━━━━━ DATA TO PROCESS ━━━━━

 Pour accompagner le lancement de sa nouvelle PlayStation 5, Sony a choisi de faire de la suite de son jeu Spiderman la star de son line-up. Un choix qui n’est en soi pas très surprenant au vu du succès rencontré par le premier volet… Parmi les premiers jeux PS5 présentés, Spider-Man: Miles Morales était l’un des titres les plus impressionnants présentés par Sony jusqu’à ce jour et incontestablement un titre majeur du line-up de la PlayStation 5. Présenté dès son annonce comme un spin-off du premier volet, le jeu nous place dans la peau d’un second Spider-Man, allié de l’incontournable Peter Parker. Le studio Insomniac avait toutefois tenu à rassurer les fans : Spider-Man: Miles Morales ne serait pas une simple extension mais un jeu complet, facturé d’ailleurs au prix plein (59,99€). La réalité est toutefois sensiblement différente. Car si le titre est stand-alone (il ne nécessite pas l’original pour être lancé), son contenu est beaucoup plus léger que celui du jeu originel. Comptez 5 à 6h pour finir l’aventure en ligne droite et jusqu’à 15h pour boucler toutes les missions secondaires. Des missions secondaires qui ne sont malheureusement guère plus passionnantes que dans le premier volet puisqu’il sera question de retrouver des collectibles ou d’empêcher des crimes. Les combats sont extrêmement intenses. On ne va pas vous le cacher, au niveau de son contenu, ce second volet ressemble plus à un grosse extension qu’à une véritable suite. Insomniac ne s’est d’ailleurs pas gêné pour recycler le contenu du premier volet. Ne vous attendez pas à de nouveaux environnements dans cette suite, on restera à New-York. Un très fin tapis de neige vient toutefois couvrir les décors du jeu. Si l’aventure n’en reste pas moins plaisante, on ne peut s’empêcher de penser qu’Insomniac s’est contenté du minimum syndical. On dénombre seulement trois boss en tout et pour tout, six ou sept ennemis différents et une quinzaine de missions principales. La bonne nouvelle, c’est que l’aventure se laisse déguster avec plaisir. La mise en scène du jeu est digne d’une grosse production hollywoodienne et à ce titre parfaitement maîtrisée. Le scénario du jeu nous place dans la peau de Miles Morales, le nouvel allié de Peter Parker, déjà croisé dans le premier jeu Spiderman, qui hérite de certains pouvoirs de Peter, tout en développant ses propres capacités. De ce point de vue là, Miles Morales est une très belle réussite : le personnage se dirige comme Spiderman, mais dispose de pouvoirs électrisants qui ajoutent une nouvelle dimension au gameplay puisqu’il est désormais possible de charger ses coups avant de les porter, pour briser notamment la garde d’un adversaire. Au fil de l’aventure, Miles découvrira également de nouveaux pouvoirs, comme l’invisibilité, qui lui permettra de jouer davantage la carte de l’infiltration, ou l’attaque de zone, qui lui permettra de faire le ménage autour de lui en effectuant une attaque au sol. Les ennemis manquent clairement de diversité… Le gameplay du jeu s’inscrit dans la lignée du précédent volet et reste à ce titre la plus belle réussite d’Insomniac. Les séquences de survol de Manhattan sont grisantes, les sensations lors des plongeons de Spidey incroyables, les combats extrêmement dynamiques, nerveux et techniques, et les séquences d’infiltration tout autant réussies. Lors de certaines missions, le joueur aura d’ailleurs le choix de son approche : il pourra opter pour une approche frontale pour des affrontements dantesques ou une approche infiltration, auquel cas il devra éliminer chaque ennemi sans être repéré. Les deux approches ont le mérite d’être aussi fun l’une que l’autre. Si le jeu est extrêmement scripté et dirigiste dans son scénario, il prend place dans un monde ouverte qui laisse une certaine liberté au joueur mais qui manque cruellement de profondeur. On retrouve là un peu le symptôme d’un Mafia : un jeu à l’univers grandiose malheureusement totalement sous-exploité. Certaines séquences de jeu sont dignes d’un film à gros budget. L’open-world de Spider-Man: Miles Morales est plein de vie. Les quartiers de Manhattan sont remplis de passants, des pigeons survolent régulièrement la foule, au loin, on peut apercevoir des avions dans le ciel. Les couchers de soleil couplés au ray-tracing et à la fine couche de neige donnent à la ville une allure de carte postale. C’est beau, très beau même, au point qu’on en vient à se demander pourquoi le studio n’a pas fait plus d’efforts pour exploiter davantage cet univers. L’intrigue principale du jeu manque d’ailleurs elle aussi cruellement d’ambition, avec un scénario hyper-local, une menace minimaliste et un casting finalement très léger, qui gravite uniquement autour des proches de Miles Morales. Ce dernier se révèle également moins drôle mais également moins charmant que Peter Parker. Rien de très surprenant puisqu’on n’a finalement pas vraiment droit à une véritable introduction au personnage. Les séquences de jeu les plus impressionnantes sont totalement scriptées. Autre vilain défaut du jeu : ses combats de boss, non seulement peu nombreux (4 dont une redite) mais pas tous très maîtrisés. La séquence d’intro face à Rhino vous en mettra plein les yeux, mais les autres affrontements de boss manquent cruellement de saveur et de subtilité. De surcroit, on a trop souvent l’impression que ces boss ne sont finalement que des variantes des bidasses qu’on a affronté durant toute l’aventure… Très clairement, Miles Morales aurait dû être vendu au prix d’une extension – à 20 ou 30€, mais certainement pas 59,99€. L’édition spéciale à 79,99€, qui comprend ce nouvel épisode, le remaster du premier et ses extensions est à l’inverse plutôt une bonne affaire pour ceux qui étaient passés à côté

━━━━━
━━━━━ DATA TO PROCESS ━━━━━

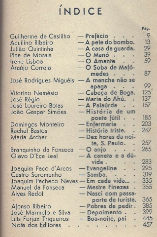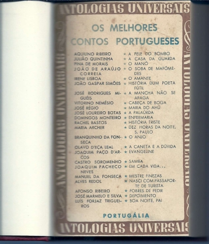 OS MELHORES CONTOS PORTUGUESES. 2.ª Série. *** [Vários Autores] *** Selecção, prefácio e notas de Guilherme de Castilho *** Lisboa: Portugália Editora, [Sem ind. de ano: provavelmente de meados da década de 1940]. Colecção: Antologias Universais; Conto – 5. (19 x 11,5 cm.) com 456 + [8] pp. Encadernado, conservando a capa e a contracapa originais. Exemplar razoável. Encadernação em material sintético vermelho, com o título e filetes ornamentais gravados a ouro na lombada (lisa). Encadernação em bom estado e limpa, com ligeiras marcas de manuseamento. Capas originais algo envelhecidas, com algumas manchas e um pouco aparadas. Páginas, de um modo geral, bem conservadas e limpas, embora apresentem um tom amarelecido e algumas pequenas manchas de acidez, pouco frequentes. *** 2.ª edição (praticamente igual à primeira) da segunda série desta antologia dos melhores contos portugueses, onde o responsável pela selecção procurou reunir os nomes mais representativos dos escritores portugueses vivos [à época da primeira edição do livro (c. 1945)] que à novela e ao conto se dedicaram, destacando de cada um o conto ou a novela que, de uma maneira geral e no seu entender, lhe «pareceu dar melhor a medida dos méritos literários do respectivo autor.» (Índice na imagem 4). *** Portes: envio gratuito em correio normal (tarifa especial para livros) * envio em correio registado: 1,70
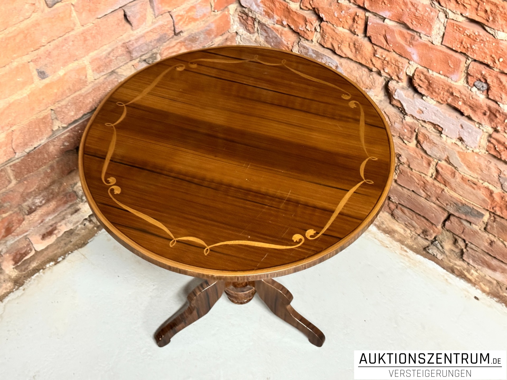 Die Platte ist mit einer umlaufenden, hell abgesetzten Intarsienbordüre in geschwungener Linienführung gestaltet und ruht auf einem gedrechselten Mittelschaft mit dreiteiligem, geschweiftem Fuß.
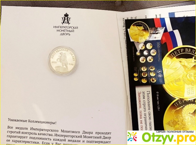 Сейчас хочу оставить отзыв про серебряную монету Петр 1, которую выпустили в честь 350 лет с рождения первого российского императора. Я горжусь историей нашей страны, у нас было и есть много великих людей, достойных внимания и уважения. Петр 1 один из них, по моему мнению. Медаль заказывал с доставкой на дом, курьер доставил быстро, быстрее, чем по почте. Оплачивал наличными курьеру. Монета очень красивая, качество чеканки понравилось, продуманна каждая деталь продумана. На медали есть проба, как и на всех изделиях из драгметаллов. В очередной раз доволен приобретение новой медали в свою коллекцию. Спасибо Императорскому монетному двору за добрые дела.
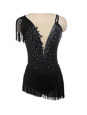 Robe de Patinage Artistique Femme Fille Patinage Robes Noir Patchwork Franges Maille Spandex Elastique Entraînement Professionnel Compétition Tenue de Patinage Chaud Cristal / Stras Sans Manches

━━━━━
━━━━━ DATA TO PROCESS ━━━━━

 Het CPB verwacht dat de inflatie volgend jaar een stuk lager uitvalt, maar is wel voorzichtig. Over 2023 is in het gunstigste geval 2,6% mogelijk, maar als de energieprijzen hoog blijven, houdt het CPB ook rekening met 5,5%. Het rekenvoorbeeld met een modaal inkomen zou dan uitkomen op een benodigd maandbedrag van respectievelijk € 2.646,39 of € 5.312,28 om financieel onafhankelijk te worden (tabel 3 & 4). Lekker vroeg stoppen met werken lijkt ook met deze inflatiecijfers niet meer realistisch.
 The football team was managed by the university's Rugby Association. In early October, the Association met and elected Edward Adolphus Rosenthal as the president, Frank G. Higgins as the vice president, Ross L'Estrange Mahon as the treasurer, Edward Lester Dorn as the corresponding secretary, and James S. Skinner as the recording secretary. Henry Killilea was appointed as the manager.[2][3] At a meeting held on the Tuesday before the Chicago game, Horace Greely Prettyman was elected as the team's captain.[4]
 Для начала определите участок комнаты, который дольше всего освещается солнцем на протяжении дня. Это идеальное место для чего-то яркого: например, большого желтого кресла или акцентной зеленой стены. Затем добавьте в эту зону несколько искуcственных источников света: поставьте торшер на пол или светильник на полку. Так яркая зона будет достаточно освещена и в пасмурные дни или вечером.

━━━━━

## THE PROBLEM:
Only the lines starting at the one that includes "Die Platte ist" and ending at the one that includes "Robe de Patinage" should be retyped, exactly, from the records above; no pictures.

## ANSWER BOX:
 Die Platte ist mit einer umlaufenden, hell abgesetzten Intarsienbordüre in geschwungener Linienführung gestaltet und ruht auf einem gedrechselten Mittelschaft mit dreiteiligem, geschweiftem Fuß.
 Сейчас хочу оставить отзыв про серебряную монету Петр 1, которую выпустили в честь 350 лет с рождения первого российского императора. Я горжусь историей нашей страны, у нас было и есть много великих людей, достойных внимания и уважения. Петр 1 один из них, по моему мнению. Медаль заказывал с доставкой на дом, курьер доставил быстро, быстрее, чем по почте. Оплачивал наличными курьеру. Монета очень красивая, качество чеканки понравилось, продуманна каждая деталь продумана. На медали есть проба, как и на всех изделиях из драгметаллов. В очередной раз доволен приобретение новой медали в свою коллекцию. Спасибо Императорскому монетному двору за добрые дела.
 Robe de Patinage Artistique Femme Fille Patinage Robes Noir Patchwork Franges Maille Spandex Elastique Entraînement Professionnel Compétition Tenue de Patinage Chaud Cristal / Stras Sans Manches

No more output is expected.